Chemistry and Materials Science - Biomaterials

1. Background

As a binder for Hot Mix Asphalt (HMA), the quality of asphalt significantly determines the performance of the flexible pavement that utilizes it. As a derivative of petroleum, the availability and quality of asphalt decrease over time due to the depletion of petroleum reserves. This reduction results in increased prices and difficulties in obtaining high-quality asphalt. To address these challenges, polymer asphalt and bio-asphalt have begun to be used. Bio-asphalt can serve as both an asphalt modifier and extender, and it can also rejuvenate aged asphalt (Bailey et al., 2010). Until the last decade, no research had successfully used bio-asphalt as a complete substitute for petroleum asphalt in HMA (Peralta et al., 2012).

The primary ingredients used to make bio-asphalt are plants. Various types of plants can be used, as most plant-based binders (bio-oils) contain components similar to conventional asphalt binders (hydrocarbons, aromatics, saturates, asphaltenes, etc.), as argued by Huang et al. (2012). However, the specific plants that can be used must undergo testing to ensure their chemical, rheological, and mechanical properties, as the properties of bio-asphalt can vary significantly depending on the type, composition of the materials used, and the manufacturing process (Williams et al., 2009).

Gopal (Gondorukem Asphalt) is a variant of bio-asphalt made using gondorukem (gum rosin) as the primary base material. The gondorukem used is derived from the distillation of the sap of the Merkusii pine tree and is then processed through esterification with the addition of melic and glycerol to produce rosin esters, identified in this article as GEG-90 and GEM-130. To create Gopal with properties similar to Pen 60 petroleum asphalt, as required by the 2018 Bina Marga Specifications Revision 2 (BM, 2018), a diluent oil in the form of crude palm oil (CPO) is added to each rosin ester at a specific dosage (Yamin et al., 2023), resulting in Gopal-GEG90 and Gopal-GEM130. To determine whether the produced Gopal can be used as an HMA binder like petroleum asphalt, its chemical, rheological, and mechanical properties need to be evaluated.

The aim of this study is to examine the chemical, rheological, and mechanical properties of Gopal-GEM130 and Gopal-GEG90 to assess their suitability as binders comparable to Pen 60 petroleum asphalt. The same tests were also conducted on Pen 60 petroleum asphalt, which served as a control for comparison against the chemical, rheological, and mechanical properties of Gopal-GEG90 and Gopal-GEM130.

2. Gondorukem

Gondorukem (gum rosin), also known as colophony, is obtained from pine resin (pine rosin) after the volatile fraction (turpentine) is removed through a distillation process.

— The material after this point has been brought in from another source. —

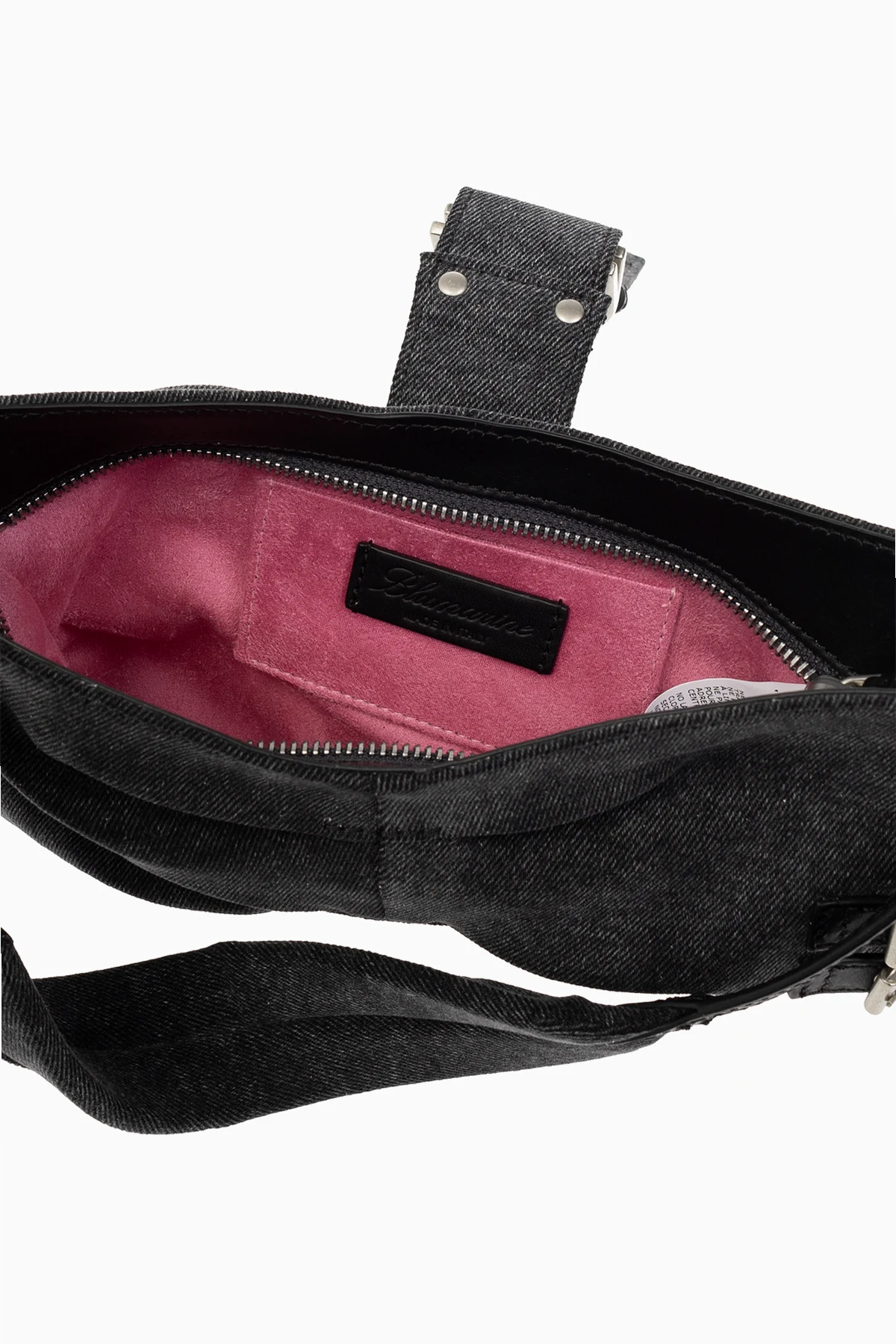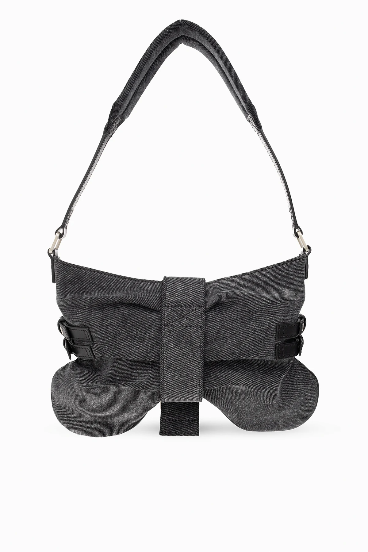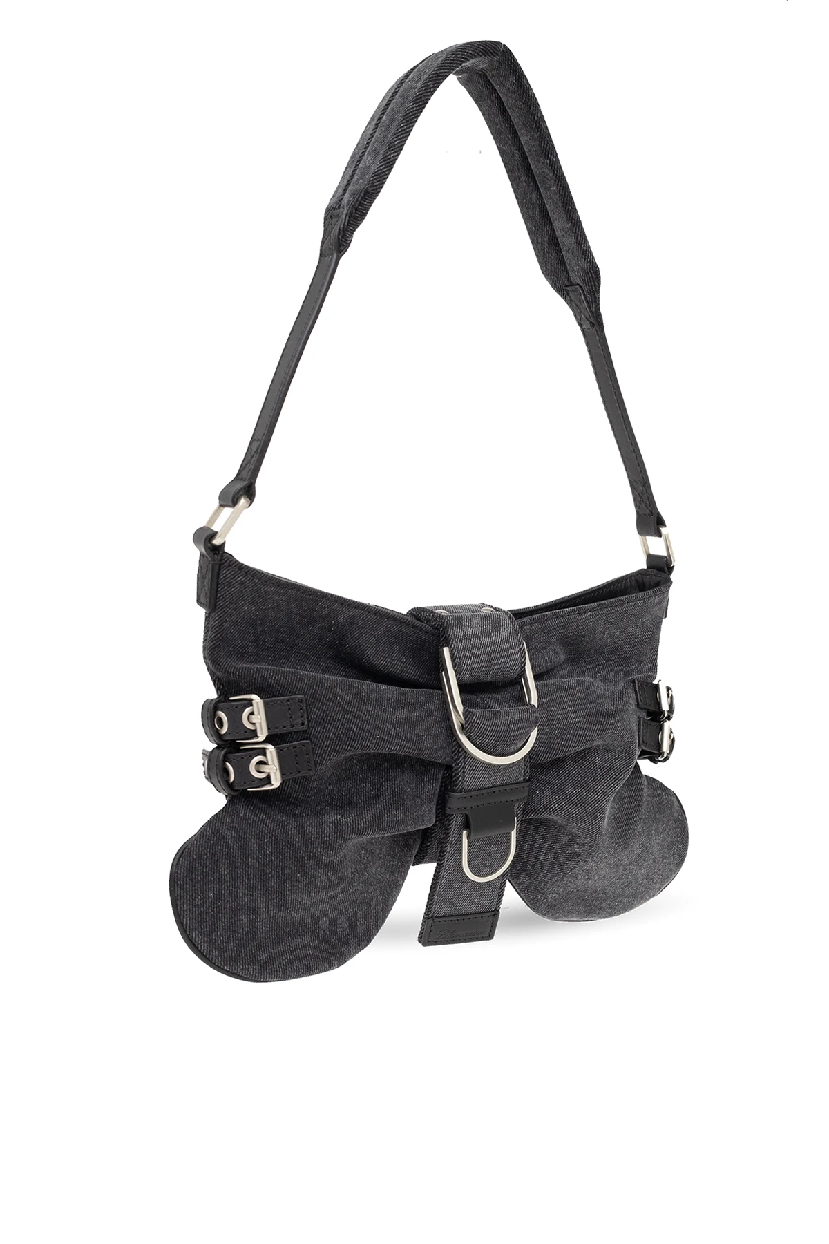 Ciemnoszara torba na ramię, model ‘Butterfly Large’ Blumarine. Wykonana z jeansu i skóry. Zamknięcie na pasek z magnetycznym zatrzaskiem oraz zamek. Po bokach regulowane paski. Ozdobiona dekoracyjnymi marszczeniami i wytłoczonym logo. Pas na ramię. Wewnątrz komora z miejscem na kartę. Metalowe wykończenie w kolorze srebrnym.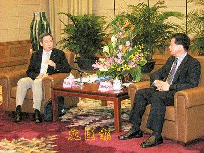 ■香港工業總會主席陳鎮仁向廣東省常務副省長湯炳權反映國家加工貿易政策調整對在粵港企的影響。 本報廣州傳真

Gondorukem ranges in color from light to dark and does not dissolve in water but is soluble in various solvents such as alcohol, ether, acetone, benzene, and chloroform.

Gondorukem contains small acidic and neutral components, which are heavy molecules in the form of aldehydes, alcohols, esters, and hydrocarbons, structurally similar to rosin acid. Typically, rosin consists of approximately 10% neutral parts and 90% acidic elements (Mota et al., 2016). In gondorukem, the acidic elements primarily comprise two main groups of rosin acids: abietic acid (which includes abietic, levopimaric, palustric, neoabietic, dehydroabietic, and tetrahydroabietic acids) and pimaric acid (Mota et al., 2016). Rosin acids (abietic and pimaric) are tricyclic diterpenes (C₂₀H₃₀O₂) with double bonds (Wiyono et al., 2006. Mota et al., 2016). Compounds with double bonds are easily oxidized, making rosin less stable and more prone to property changes due to heat (Mota et al., 2016).

Additionally, rosin generally contains 30-40% abietic acid. The content of abietic acid in rosin significantly affects its quality. Higher abietic acid content in rosin leads to faster crystallization, causing it to change from liquid to crystal form in a short time. Therefore, it is essential to minimize the abietic acid content in rosin. This minimization can be achieved through hydrogenation, dehydrogenation, isomerization, disproportionation, or esterification processes.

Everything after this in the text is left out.